Vision-Based Prediction of Flashover Using Transformers and Convolutional Long Short-Term Memory Model
Round 1
Reviewer 1 Report
Comments and Suggestions for AuthorsThe manuscript "Vision-based Prediction of Flashover using Transformers and Convolutional Long Short-term Memory Model" predicts the growth of room fires by analyzing spatiotemporal infrared thermal imaging data obtained from full-scale room fire tests. It aims to provide a vision-based intelligent solution for future fire growth prediction tasks. The manuscript has certain practical and theoretical significance in terms of its topic, but the overall content structure of the paper is somewhat disorganized. The manuscript validates existing SwinLSTM-B and SwinLSTM-D models using self-built datasets, and the innovative thinking behind the proposed ideas is relatively simple.
1. The existing work on flashover growth prediction is not specifically listed. The achievements of previous studies and the problems that still exist are not discussed, nor is it clear which issues this manuscript aims to solve.
2. The logical progression between the subsections in Chapter 2, “Materials and Methods,” is somewhat unclear.
3. In Section 3.2, it states, “Therefore, for simplification, we use SwinLSTM from hereon interchangeably with the SwinLSTM-D,” but no comparative experiments are provided to explain whether alternating between SwinLSTM and SwinLSTM-D truly simplifies the task. Why were SwinLSTM and SwinLSTM-D chosen for interchangeability, rather than alternating between SwinLSTM-B and SwinLSTM-D variants?
4. In Section 3.2, it states, “Table 2 also illustrates the comparison size of different LSTM-based models used in this study. Looking at the table, it is clear that SwinLSTM achieved a better MSE loss value (definition of MSE provided in Equation 3) with the cost of slower performance in comparison to the other two models,” but SwinLSTM is not listed in Table 2. In Chapter 3, the distinction between “SwinLSTM” and its variants “SwinLSTM-B” and “SwinLSTM-D” is not clearly made, leading to unclear expression.
5. There is a typo in the introduction section of the manuscript where “ConvLST” is used incorrectly.
6. All images, tables, and equations in the manuscript should be accompanied by detailed explanations within the same chapter.

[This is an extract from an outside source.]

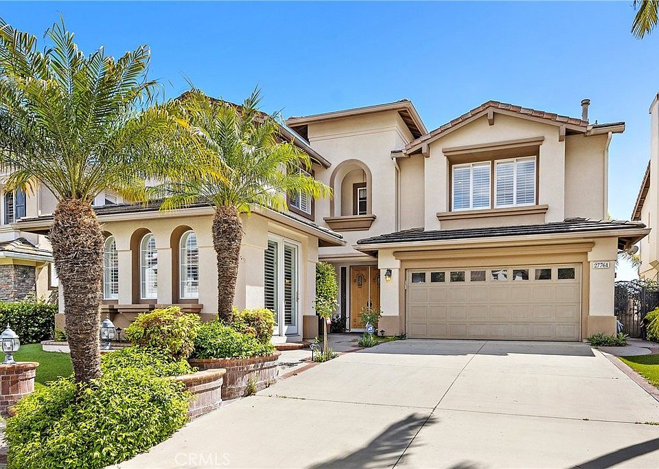 Welcome to 27761 Manor Hill Road, where luxury living meets breathtaking panoramic views in Laguna Niguel’s prestigious guard-gated San Joaquin Hills community. Perched on a premium view lot, this executive-class residence boasts ever-changing valley, hill, and city light views that culminate in extraordinary sunsets, enriching both the indoor and outdoor spaces. The expansive backyard, designed for entertaining, is framed by the stunning vistas and features a built-in BBQ, seating area, and a shaded patio – the perfect spot to soak in the beauty of Southern California. Inside, this meticulously maintained home spans approximately 3,812 square feet, offering a seamless blend of elegance and comfort. The main level impresses with a grand formal entry, soaring two-story ceilings, and an abundance of natural light. A gourmet kitchen serves as the heart of the home, complete with charming cabinetry, a center island, granite countertops, walk-in pantry, and newly upgraded stainless-steel refrigerator, oven and microwave that functions as a convection oven. A cozy breakfast nook opens to the inviting family room with a fireplace, creating a warm and welcoming space for relaxation. The home’s two primary suites provide luxury and privacy. The main-level suite features a private entrance and retreat area, while the second-level suite boasts a private view balcony, jetted tub, oversized shower, double vanity sinks, and a large walk-in closet with pull-down attic access for extra storage. Two ensuite guest bedrooms and an oversized den/entertainment room with built-in cabinets and a fireplace complete the second level, ensuring ample space for family and guests. This home is packed with modern upgrades, including newly installed carpet on stairs and guest bedrooms, flooring on main living areas and primary suite on second level, and recess lighting in family room. Additional highlights include solar panels, new AC and heating systems, central vacuum, reverse osmosis filtration, a water softener, and a garage with built-in cabinets, overhead storage, and an instant hot water heater. The San Joaquin Hills community offers resort-style amenities, including two pools and hot tubs, a gated playground, picnic area, a basketball court, and 24-hour guard-gated security. Located just a short drive from world-class beaches, luxury resorts, shopping, dining, golf course, and award-winning schools, this exceptional property is not only a home - It's a lifestyle. No Mello Roos.

The paper structure is disorganized.
7. There is no detailed explanation for Table 1. A detailed format check of the manuscript is necessary.

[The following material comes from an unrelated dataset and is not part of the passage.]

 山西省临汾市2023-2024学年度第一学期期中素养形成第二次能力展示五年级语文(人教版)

Comments for author File: Comments.pdf
Author Response
1 Answer to Reviewer 1 Comments:
1.1 Summary of the Paper
This paper explores the application of Long Short-Term Memory (LSTM) network models for predicting the growth of room flash fires by training on initial frames of spatiotemporal infrared thermal imaging data to forecast future frames. The study also demonstrates that SwinLSTM, an enhanced LSTM model incorporating transformer components, achieves significantly higher accuracy in predicting room fire flashover compared to ConvLSTM.
1.2 Overall comments
This paper is well-organized and clearly written. The introduction effectively presents the background and motivation for the study and Section two provides a detailed overview of the various network structures used, making it easy for readers to follow and understand the methodology. The paper is technically sound overall; however, I believe the section on numerical experiments requires substantial revision to more effectively support the claims made throughout.
1.3 Concerns
1.3.1 Data preparation
(i) In Line 210, did you use varying image resolutions during training? It seems that in Line 220, only 64*64 resolution images were used. Listing multiple resolutions in Line 210 is confusing if only one size was actually used. Similarly, Line 216 lists different frame lengths, but it's unclear if all were utilized or just one, e.g., 20 in Line 220. In addition, Figure 3 displays 95 seconds of frames, but it appears that only 20 seconds of frames were used, as mentioned in Line 218.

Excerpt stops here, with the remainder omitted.